After years of misses at the top of the draft, the Pirates selected Alvarez in 2008. The former Vanderbilt teammate of Rays ace David Price is already a regular in the Pittsburgh lineup. Some questions remain about which side of the diamond he'll play down the road, but for now, the 23-year-old the man at the hot corner for the Buccos.
Before signing his pro contract, Alvarez and his agent Scott Boras made plenty of headlines, In the end, though, he made his major league debut with relatively little hype. Despite lacking the media coverage of Jason Heyward (to say nothing of Stephen Strasburg) upon his debut, Alvarez has been one of this year's most productive rookies, coming close to Heyward's level of production.
This is a real stretch. Even leaving aside the raw numbers -- Heyward's played 45 more games than Alvarez -- Heyward has a huge edge in OPS: 827 to 735. Heyward's also three years younger than Alvarez. Essentially, if everything works out for Heyward he'll be in the Hall of Fame someday, and if everything works out for Alvarez he'll play in a couple of All-Star Games.

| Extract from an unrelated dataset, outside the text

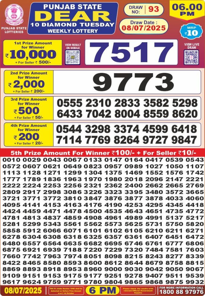 Punjab state dear10 6pm Tuesday weekly lottery result 08/07/2025
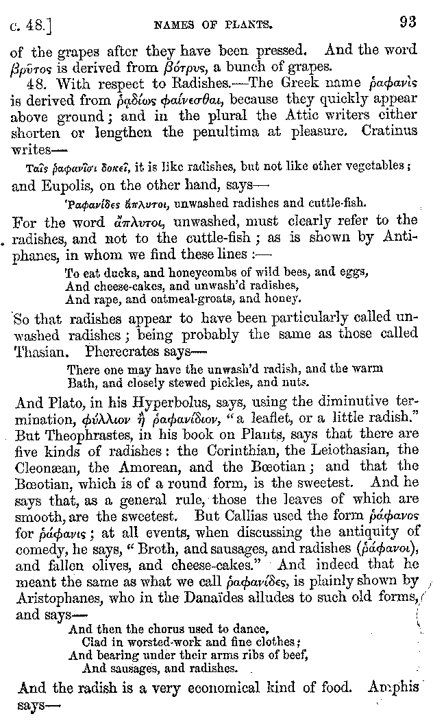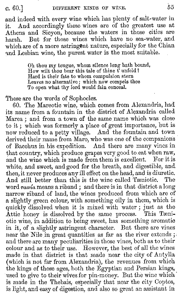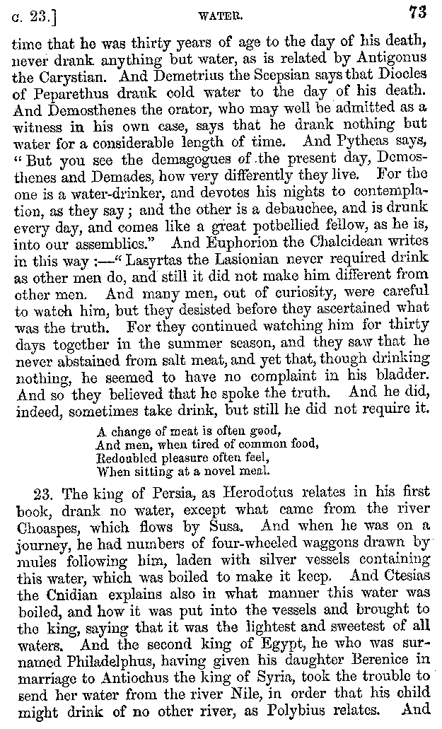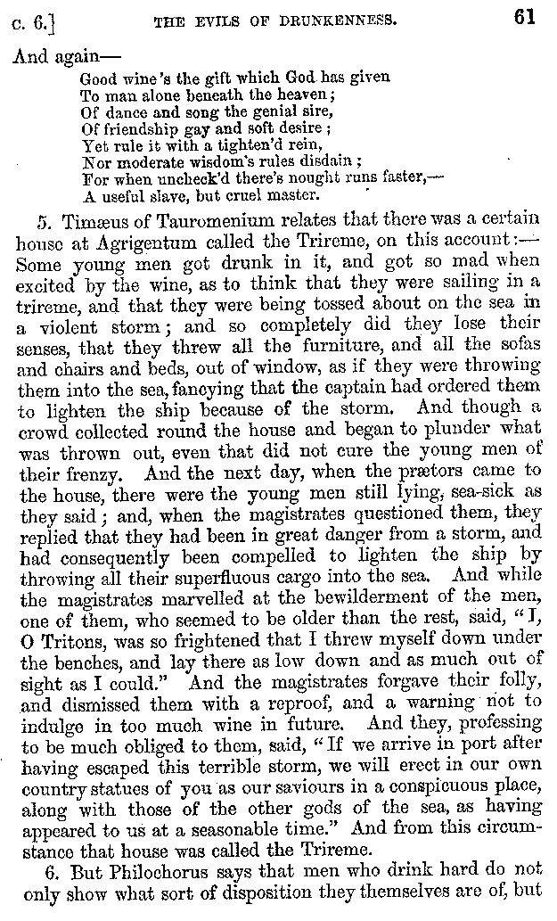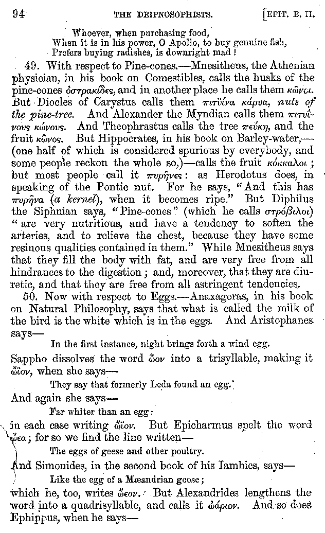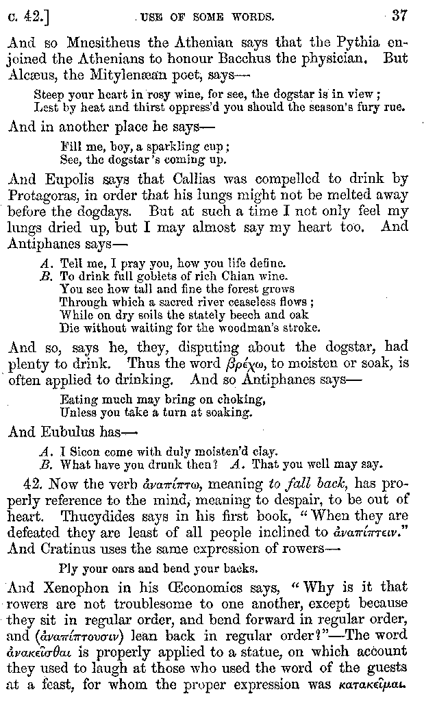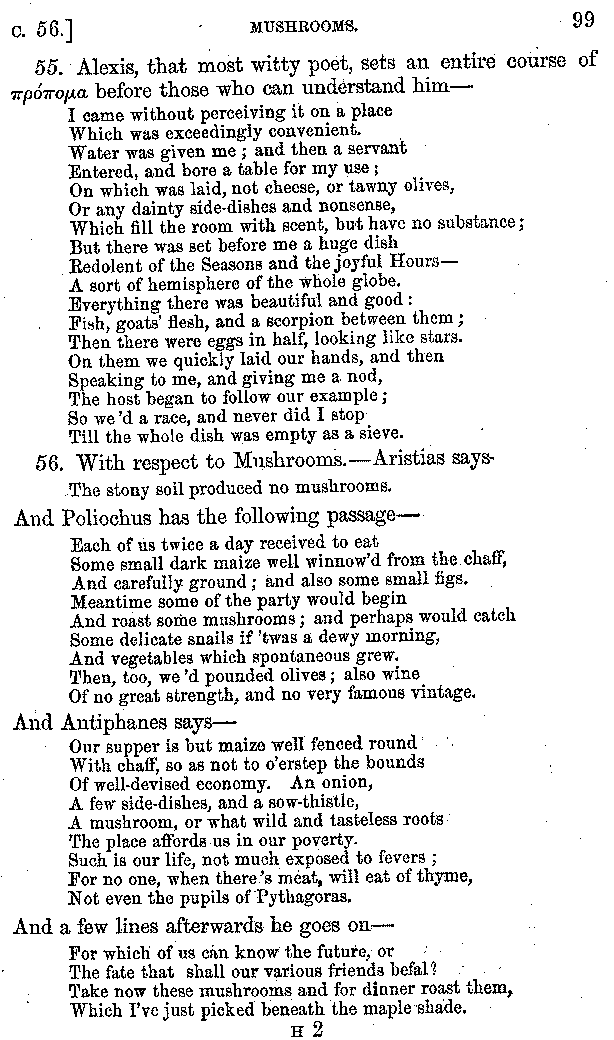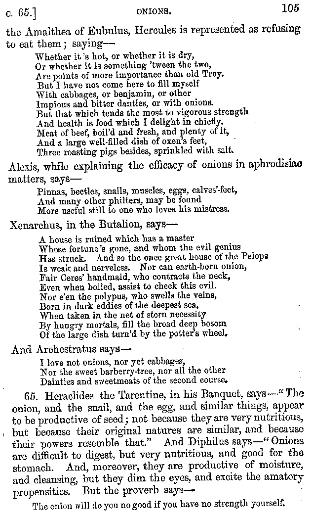 | Wine—Drinking—The evils of Drunkenness—Praises of Wine—Water—Different kinds of Water—Sweetmeats—Couches and Coverlets—Names of Fruits—Fruit and Herbs—Lupins—Names of—Plants—Eggs—Gourds—Mushrooms—Asparagus—Onions—Thrushes—Brains—The Head—Pickle—Cucumbers—Lettuce—The Cactus—The Nile | 57-121 |

Even if Alvarez had played more this season, he wouldn't be a strong Rookie of the Year candidate. Which is fine, since there are plenty of those without him. In April, Heyward looked like a lock for the award (as much as anyone can look like a lock for anything in April). But then came that lousy June and those three weeks on the DL. Since returning to the Braves' lineup in mid-July, Heyward's been good but not great, which has allowed a few other fellows into the mix. Most notably, Gaby Sanchez has roughly the same OPS as Heyward in more playing time, and Starlin Castro's not far behind while playing shortstop. And of course Buster Posey would trump them all if not for the Giants' odd infatuation with Bengie Molina.
The only two pitchers with a fighting chance are Jaime Garcia and John Axford. Garcia's got the shiny ERA (2.42) but only 11 wins, and I suspect he needs at least 14 to have a shot at beating out the top hitter on the ballot. Axford's got 19 saves, and Andrew Bailey won in the American League last year with only 26 saves. But Bailey pitched 83 innings while Axford is going to top out around 60 innings.
Heyward's going to get extra credit for the spring hype. But the voters, I think, should take long looks at Sanchez, Castro, and Garcia, too.